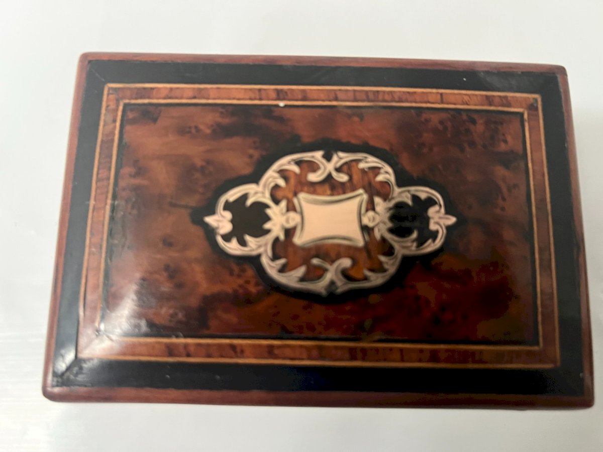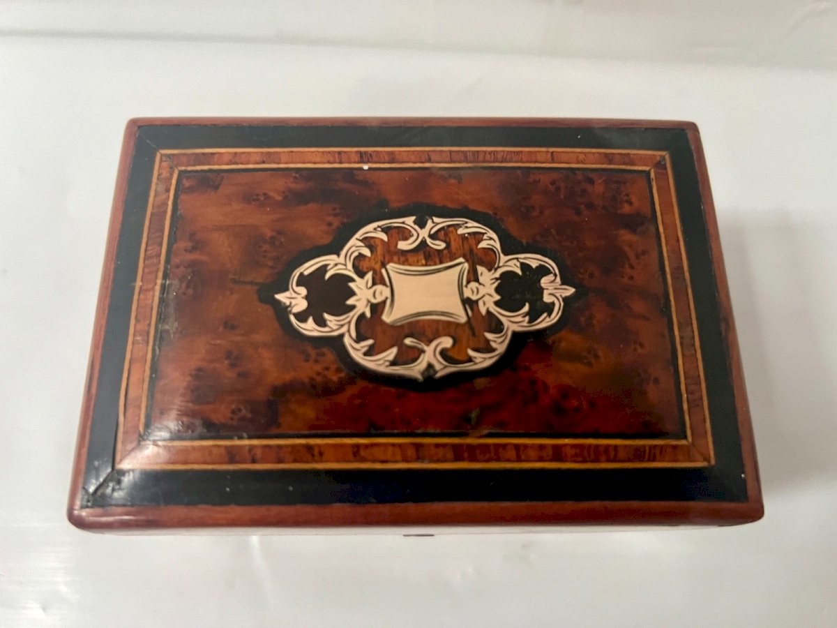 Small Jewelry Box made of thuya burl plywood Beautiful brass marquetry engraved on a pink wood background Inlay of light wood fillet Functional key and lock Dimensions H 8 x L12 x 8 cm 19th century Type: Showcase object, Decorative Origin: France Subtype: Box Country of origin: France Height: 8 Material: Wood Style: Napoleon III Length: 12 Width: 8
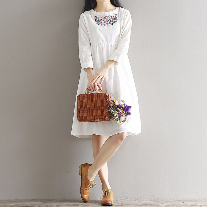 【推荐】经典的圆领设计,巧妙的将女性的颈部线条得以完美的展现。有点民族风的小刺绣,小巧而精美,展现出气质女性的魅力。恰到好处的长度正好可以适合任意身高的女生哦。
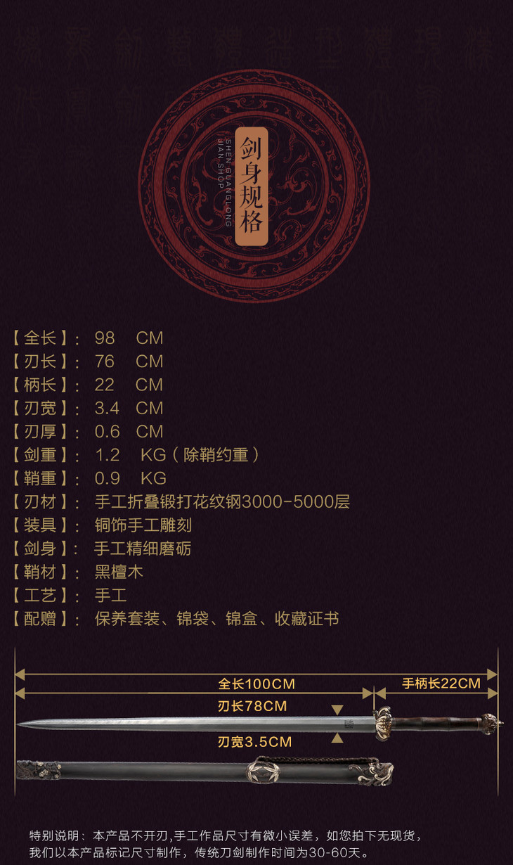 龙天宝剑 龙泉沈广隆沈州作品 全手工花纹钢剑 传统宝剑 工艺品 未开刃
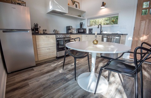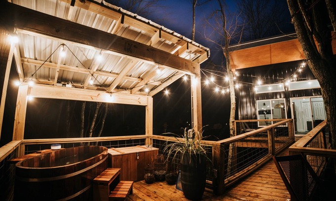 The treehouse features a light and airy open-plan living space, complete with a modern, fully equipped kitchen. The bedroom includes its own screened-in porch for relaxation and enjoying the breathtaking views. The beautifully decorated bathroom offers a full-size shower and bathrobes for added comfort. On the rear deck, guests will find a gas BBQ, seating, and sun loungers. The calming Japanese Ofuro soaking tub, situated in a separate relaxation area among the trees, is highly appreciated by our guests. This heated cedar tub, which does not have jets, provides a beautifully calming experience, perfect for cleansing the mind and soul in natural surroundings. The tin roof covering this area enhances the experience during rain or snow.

* **Work instruction**
In full and without error, repeat the listing above, omitting its images.

* **Answer below**
 Small Jewelry Box made of thuya burl plywood Beautiful brass marquetry engraved on a pink wood background Inlay of light wood fillet Functional key and lock Dimensions H 8 x L12 x 8 cm 19th century Type: Showcase object, Decorative Origin: France Subtype: Box Country of origin: France Height: 8 Material: Wood Style: Napoleon III Length: 12 Width: 8
 【推荐】经典的圆领设计,巧妙的将女性的颈部线条得以完美的展现。有点民族风的小刺绣,小巧而精美,展现出气质女性的魅力。恰到好处的长度正好可以适合任意身高的女生哦。
 龙天宝剑 龙泉沈广隆沈州作品 全手工花纹钢剑 传统宝剑 工艺品 未开刃
 The treehouse features a light and airy open-plan living space, complete with a modern, fully equipped kitchen. The bedroom includes its own screened-in porch for relaxation and enjoying the breathtaking views. The beautifully decorated bathroom offers a full-size shower and bathrobes for added comfort. On the rear deck, guests will find a gas BBQ, seating, and sun loungers. The calming Japanese Ofuro soaking tub, situated in a separate relaxation area among the trees, is highly appreciated by our guests. This heated cedar tub, which does not have jets, provides a beautifully calming experience, perfect for cleansing the mind and soul in natural surroundings. The tin roof covering this area enhances the experience during rain or snow.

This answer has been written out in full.